Work order: Print the lines in the listing below starting at the line with "走进江苏农垦金鲤渔业有限公司" and ending at the line with "V.v. gereedschap 274-delig;", both included. Reproduce them exactly and omit every picture.

Input records:
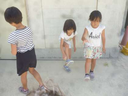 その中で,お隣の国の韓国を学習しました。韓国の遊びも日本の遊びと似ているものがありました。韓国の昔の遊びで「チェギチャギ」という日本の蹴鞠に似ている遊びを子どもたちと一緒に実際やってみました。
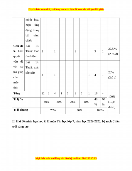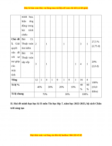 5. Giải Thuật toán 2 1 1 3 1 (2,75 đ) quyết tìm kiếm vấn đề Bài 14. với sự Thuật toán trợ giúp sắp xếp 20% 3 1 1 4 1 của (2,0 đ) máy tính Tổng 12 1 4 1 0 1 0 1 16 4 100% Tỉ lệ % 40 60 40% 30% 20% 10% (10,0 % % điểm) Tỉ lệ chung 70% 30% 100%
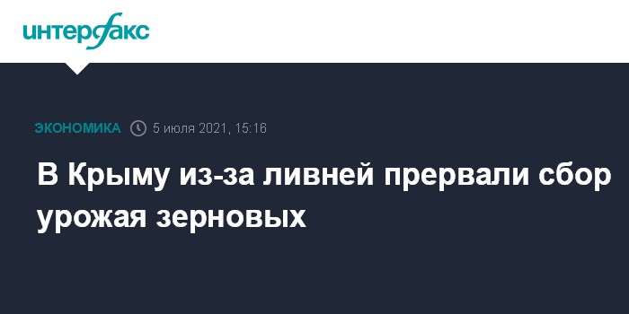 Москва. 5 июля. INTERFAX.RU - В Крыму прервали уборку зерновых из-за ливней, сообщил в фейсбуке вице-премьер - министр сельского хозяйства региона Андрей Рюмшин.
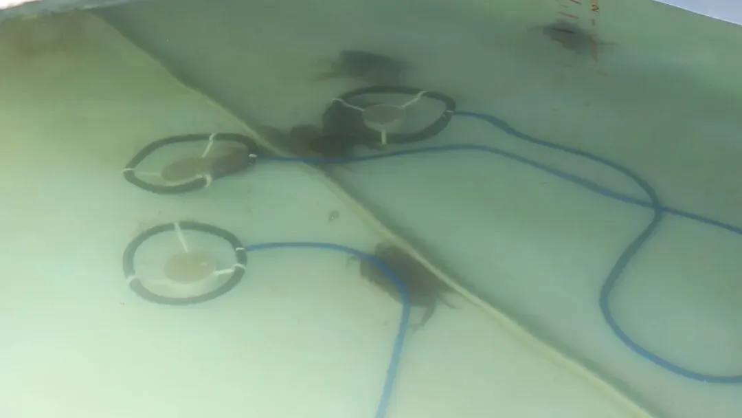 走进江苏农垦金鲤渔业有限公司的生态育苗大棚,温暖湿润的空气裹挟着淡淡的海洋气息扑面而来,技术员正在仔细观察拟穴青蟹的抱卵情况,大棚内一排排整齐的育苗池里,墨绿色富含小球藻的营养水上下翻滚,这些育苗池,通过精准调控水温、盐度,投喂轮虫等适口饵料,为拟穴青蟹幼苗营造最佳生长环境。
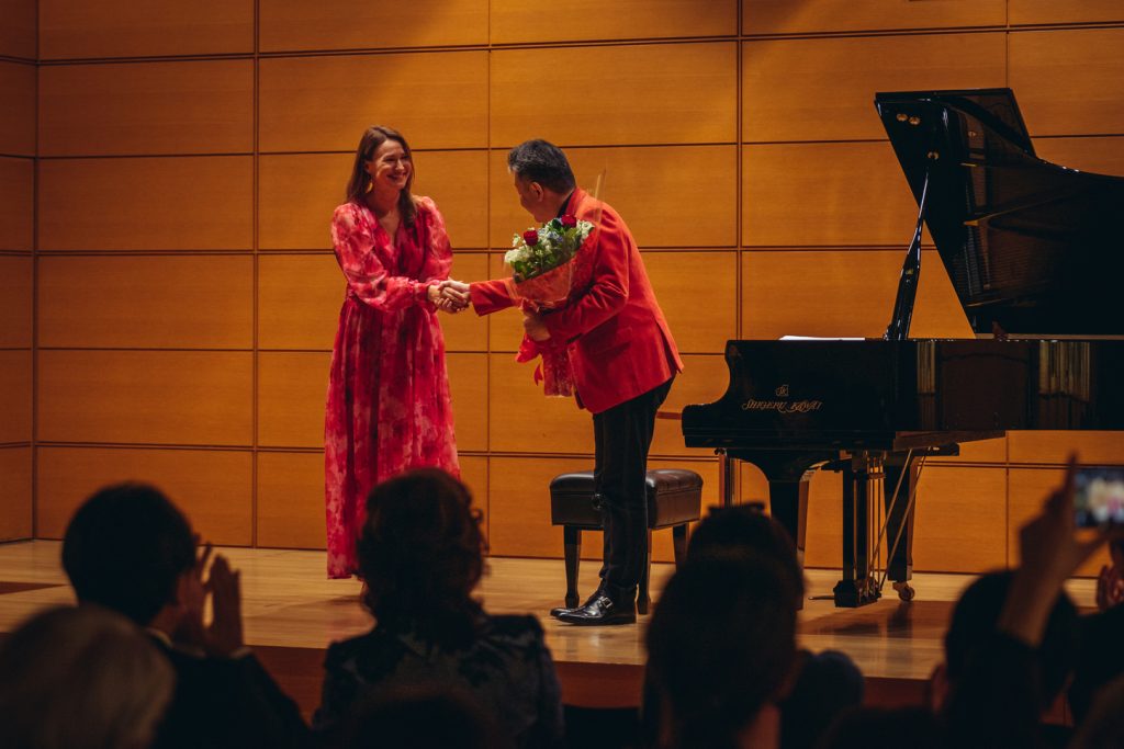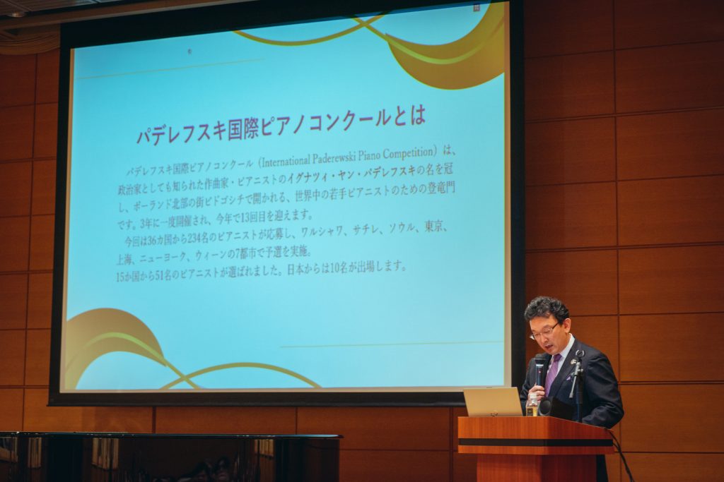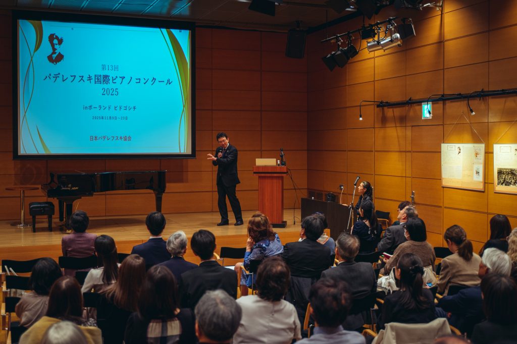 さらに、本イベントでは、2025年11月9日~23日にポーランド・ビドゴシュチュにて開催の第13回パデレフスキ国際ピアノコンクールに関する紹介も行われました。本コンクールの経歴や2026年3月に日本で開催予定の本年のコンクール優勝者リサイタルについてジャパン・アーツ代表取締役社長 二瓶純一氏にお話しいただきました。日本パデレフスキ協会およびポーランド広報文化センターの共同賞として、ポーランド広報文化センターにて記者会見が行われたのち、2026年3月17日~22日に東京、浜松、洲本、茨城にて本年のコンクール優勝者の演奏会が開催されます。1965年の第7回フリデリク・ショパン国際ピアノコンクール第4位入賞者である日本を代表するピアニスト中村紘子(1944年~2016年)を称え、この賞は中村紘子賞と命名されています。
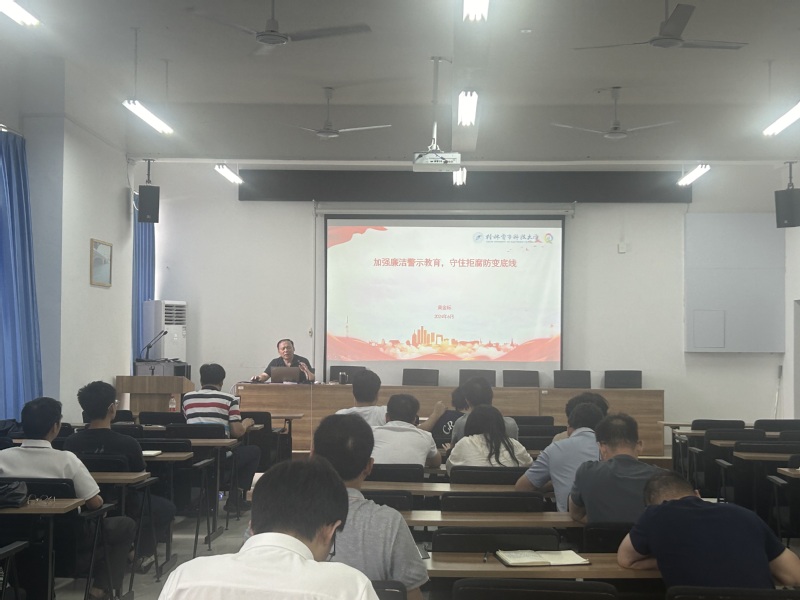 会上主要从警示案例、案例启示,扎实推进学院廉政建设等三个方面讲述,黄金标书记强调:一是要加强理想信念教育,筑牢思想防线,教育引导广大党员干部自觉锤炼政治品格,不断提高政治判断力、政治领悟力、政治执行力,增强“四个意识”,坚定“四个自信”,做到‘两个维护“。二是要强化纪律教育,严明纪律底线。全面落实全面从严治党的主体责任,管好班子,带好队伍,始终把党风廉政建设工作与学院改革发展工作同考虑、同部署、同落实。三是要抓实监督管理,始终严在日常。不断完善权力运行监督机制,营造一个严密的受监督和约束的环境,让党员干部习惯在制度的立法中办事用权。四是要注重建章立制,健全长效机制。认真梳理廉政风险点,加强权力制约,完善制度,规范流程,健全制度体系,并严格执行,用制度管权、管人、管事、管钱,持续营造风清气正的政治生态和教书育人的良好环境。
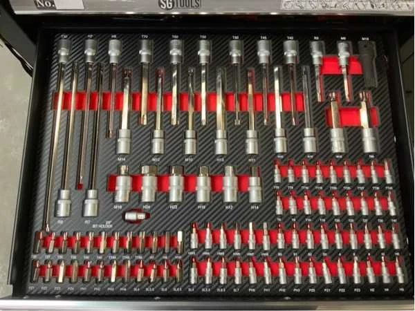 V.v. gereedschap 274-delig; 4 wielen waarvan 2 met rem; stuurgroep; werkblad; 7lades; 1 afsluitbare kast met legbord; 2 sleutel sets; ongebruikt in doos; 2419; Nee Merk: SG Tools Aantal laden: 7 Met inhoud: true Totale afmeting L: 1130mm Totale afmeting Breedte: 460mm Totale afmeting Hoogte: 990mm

* * *

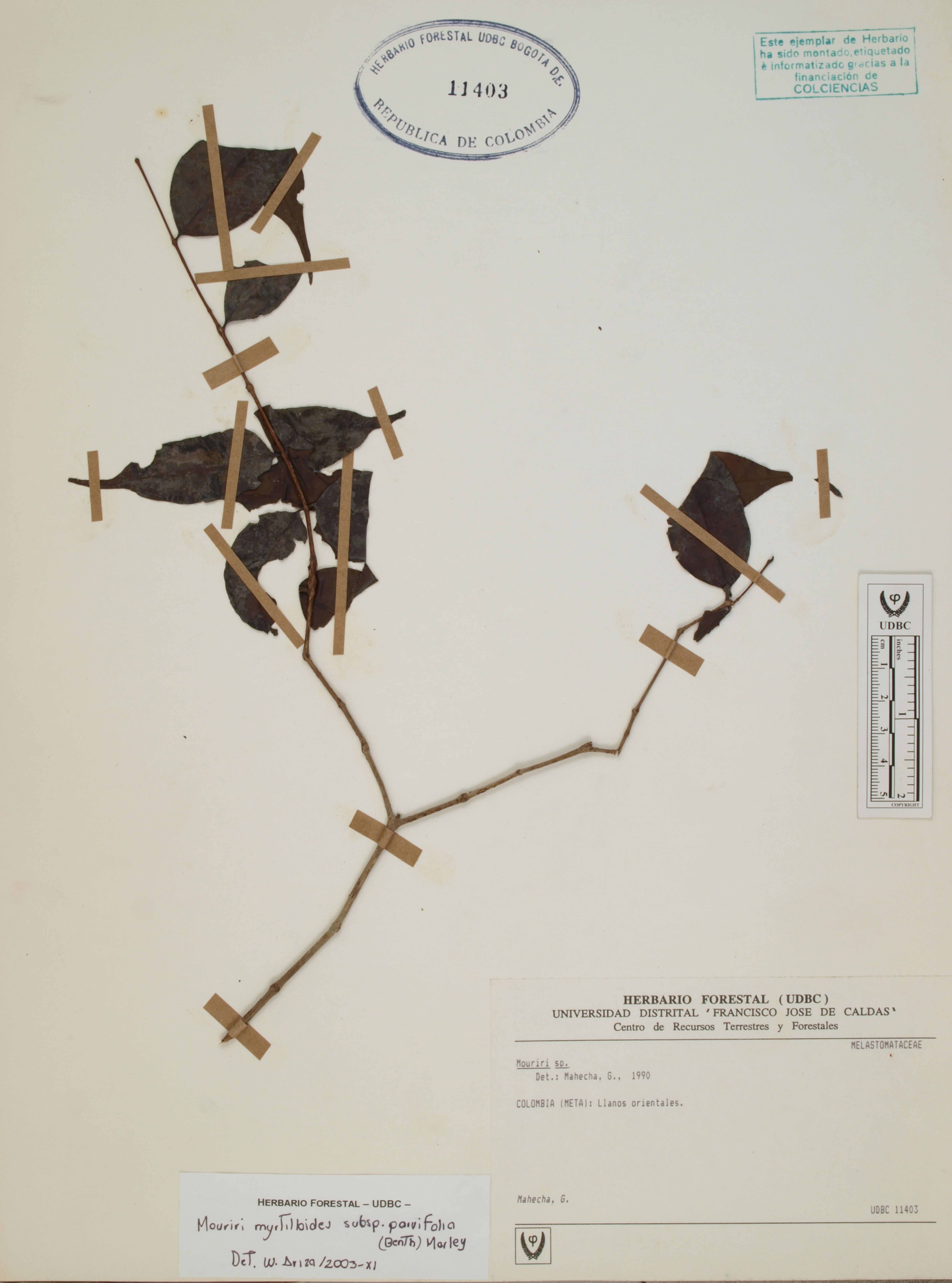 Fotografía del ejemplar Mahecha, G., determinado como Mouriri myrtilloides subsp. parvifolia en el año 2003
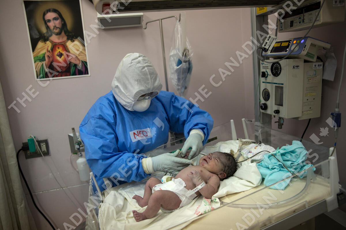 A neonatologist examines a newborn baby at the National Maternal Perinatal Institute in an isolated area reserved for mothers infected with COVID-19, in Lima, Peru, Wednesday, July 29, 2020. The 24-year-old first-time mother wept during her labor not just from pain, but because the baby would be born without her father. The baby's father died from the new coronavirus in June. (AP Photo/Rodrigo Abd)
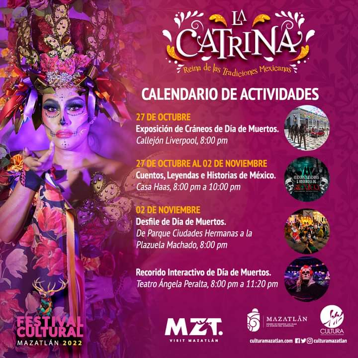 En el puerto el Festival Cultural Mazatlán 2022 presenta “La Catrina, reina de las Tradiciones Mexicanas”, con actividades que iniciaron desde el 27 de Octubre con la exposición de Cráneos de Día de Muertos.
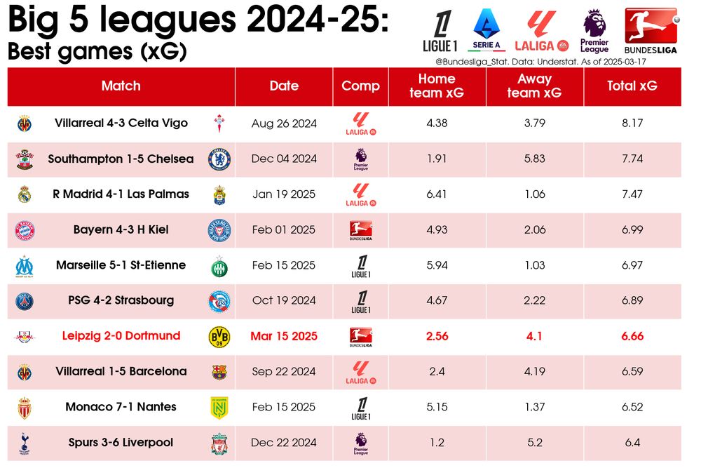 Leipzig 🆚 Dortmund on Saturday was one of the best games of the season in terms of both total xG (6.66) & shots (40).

--

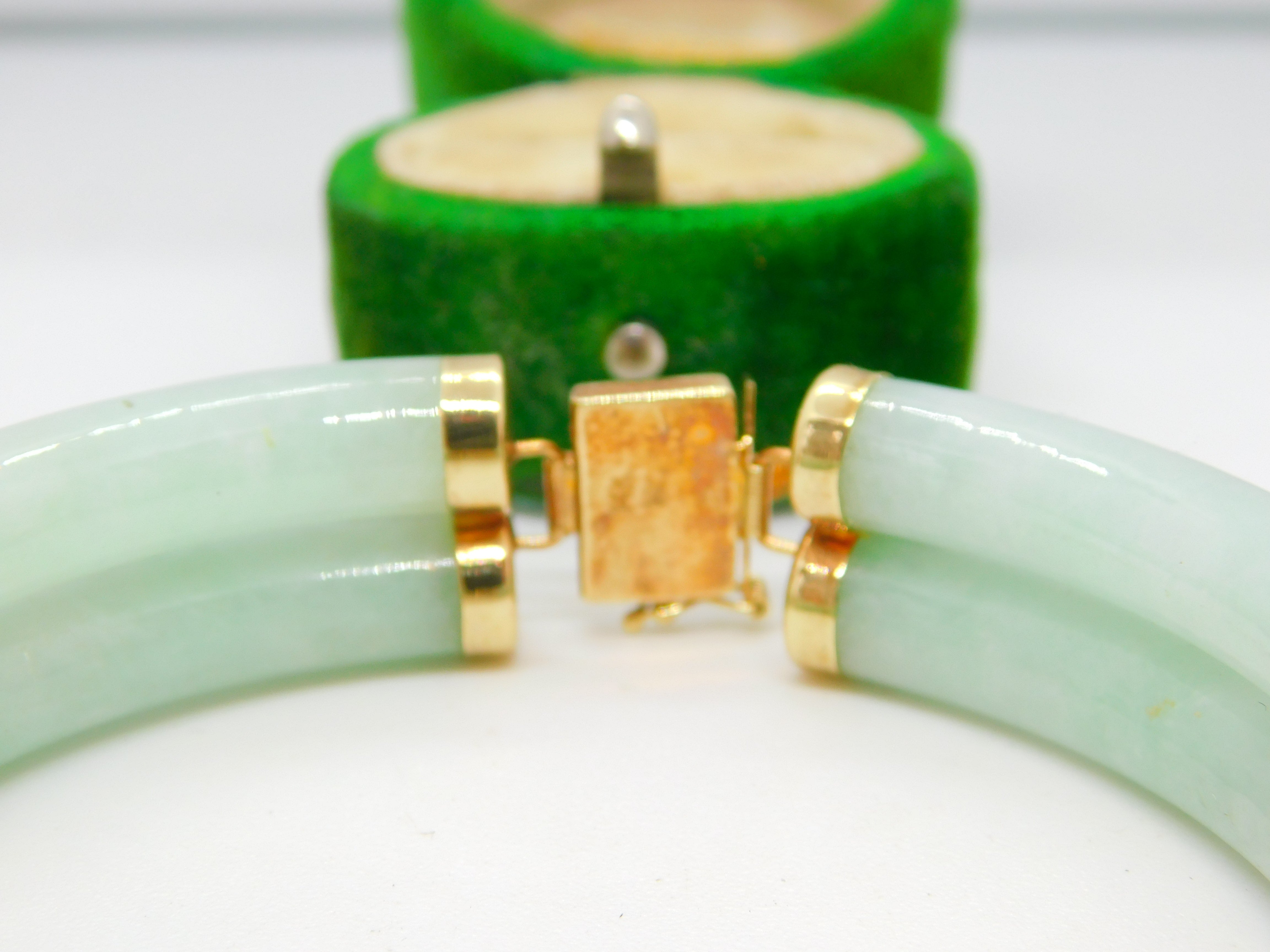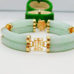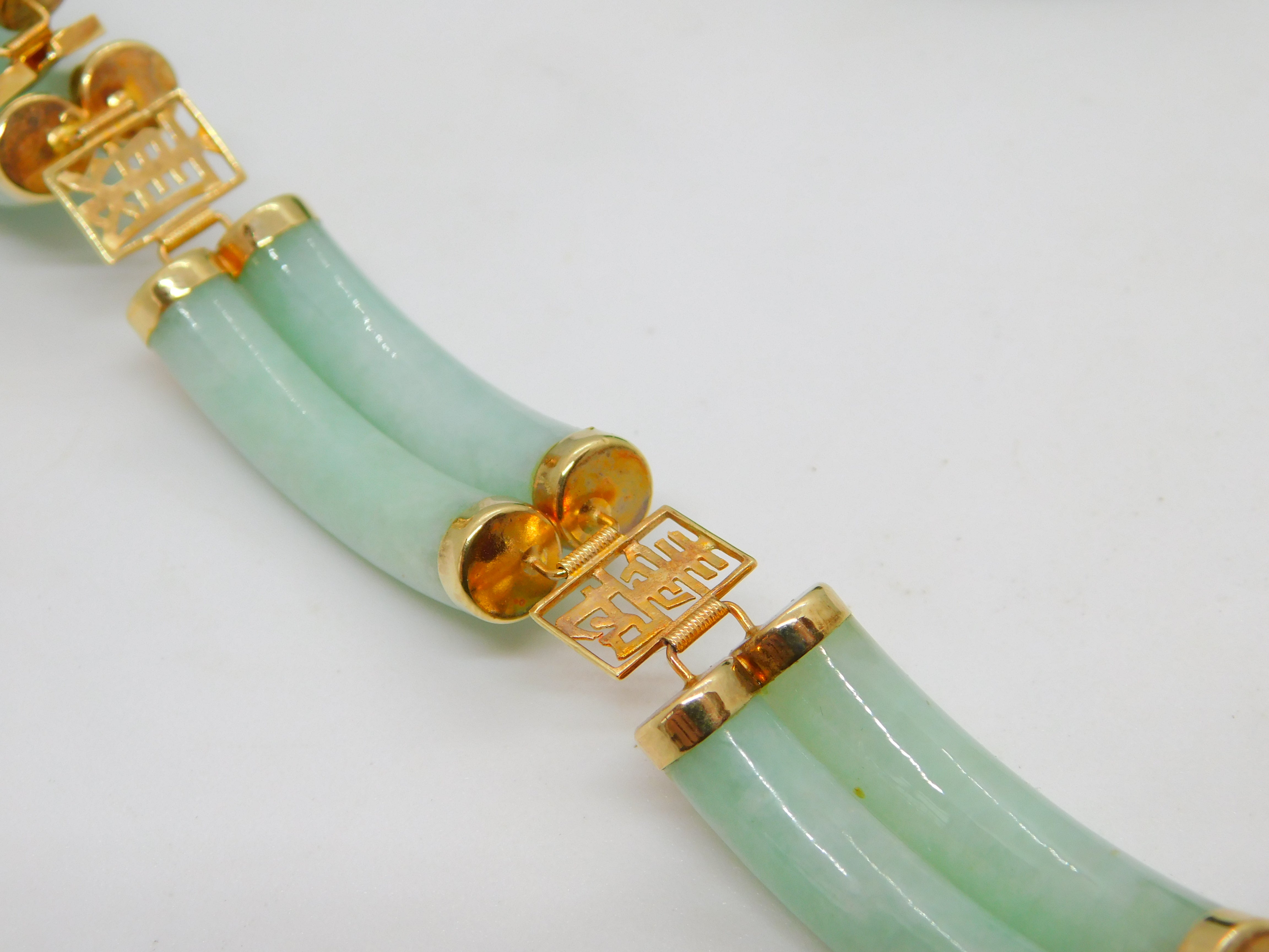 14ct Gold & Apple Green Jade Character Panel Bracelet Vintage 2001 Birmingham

Solution for this problem:
 走进江苏农垦金鲤渔业有限公司的生态育苗大棚,温暖湿润的空气裹挟着淡淡的海洋气息扑面而来,技术员正在仔细观察拟穴青蟹的抱卵情况,大棚内一排排整齐的育苗池里,墨绿色富含小球藻的营养水上下翻滚,这些育苗池,通过精准调控水温、盐度,投喂轮虫等适口饵料,为拟穴青蟹幼苗营造最佳生长环境。
 さらに、本イベントでは、2025年11月9日~23日にポーランド・ビドゴシュチュにて開催の第13回パデレフスキ国際ピアノコンクールに関する紹介も行われました。本コンクールの経歴や2026年3月に日本で開催予定の本年のコンクール優勝者リサイタルについてジャパン・アーツ代表取締役社長 二瓶純一氏にお話しいただきました。日本パデレフスキ協会およびポーランド広報文化センターの共同賞として、ポーランド広報文化センターにて記者会見が行われたのち、2026年3月17日~22日に東京、浜松、洲本、茨城にて本年のコンクール優勝者の演奏会が開催されます。1965年の第7回フリデリク・ショパン国際ピアノコンクール第4位入賞者である日本を代表するピアニスト中村紘子(1944年~2016年)を称え、この賞は中村紘子賞と命名されています。
 会上主要从警示案例、案例启示,扎实推进学院廉政建设等三个方面讲述,黄金标书记强调:一是要加强理想信念教育,筑牢思想防线,教育引导广大党员干部自觉锤炼政治品格,不断提高政治判断力、政治领悟力、政治执行力,增强“四个意识”,坚定“四个自信”,做到‘两个维护“。二是要强化纪律教育,严明纪律底线。全面落实全面从严治党的主体责任,管好班子,带好队伍,始终把党风廉政建设工作与学院改革发展工作同考虑、同部署、同落实。三是要抓实监督管理,始终严在日常。不断完善权力运行监督机制,营造一个严密的受监督和约束的环境,让党员干部习惯在制度的立法中办事用权。四是要注重建章立制,健全长效机制。认真梳理廉政风险点,加强权力制约,完善制度,规范流程,健全制度体系,并严格执行,用制度管权、管人、管事、管钱,持续营造风清气正的政治生态和教书育人的良好环境。
 V.v. gereedschap 274-delig; 4 wielen waarvan 2 met rem; stuurgroep; werkblad; 7lades; 1 afsluitbare kast met legbord; 2 sleutel sets; ongebruikt in doos; 2419; Nee Merk: SG Tools Aantal laden: 7 Met inhoud: true Totale afmeting L: 1130mm Totale afmeting Breedte: 460mm Totale afmeting Hoogte: 990mm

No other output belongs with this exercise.